■ **Available data**:
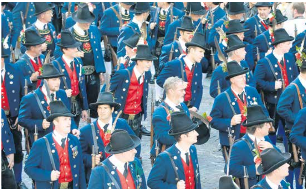
Die Schützenkompanien sind einer der größten Traditionsverbände in Tirol.

Abzeichens nannten die Italiener sie „Blumenteu- fel“. Deutlich erkennbar waren diese Soldaten am Spielhahnstoß auf der hechtgrauen Kappe und dem gestickten Edelweiß mit Stengel auf den Kragenspiegeln (übrigens bis heute Kennzeichen der österreichischen und der deutschen Gebirgs- truppe). Kaiser Karl zeichnete sie mit dem Namen „Kaiserschützen“ aus. Im Unterschied dazu führten die Kaiserjäger ein stengelloses Edelweiß auf schwarzem Hut mit Federbusch. Der Kaiserschützenbund Tirol 1921 ist die offizielle Vertretung der drei Kaiserschützenregimenter sowie der berittenen Kaiserschützen.
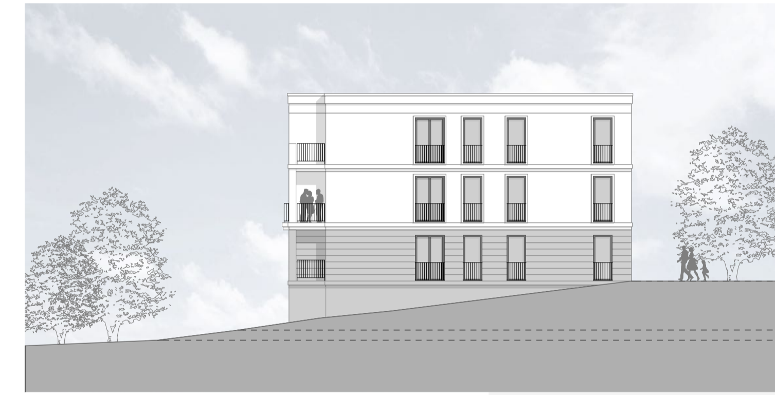
M 1_200 _ANSICHT_ÖST

■ **Required action**: Take from the material above every line that includes the word "Tirol".

■ **Solution for this task**:
Die Schützenkompanien sind einer der größten Traditionsverbände in Tirol.
Abzeichens nannten die Italiener sie „Blumenteu- fel“. Deutlich erkennbar waren diese Soldaten am Spielhahnstoß auf der hechtgrauen Kappe und dem gestickten Edelweiß mit Stengel auf den Kragenspiegeln (übrigens bis heute Kennzeichen der österreichischen und der deutschen Gebirgs- truppe). Kaiser Karl zeichnete sie mit dem Namen „Kaiserschützen“ aus. Im Unterschied dazu führten die Kaiserjäger ein stengelloses Edelweiß auf schwarzem Hut mit Federbusch. Der Kaiserschützenbund Tirol 1921 ist die offizielle Vertretung der drei Kaiserschützenregimenter sowie der berittenen Kaiserschützen.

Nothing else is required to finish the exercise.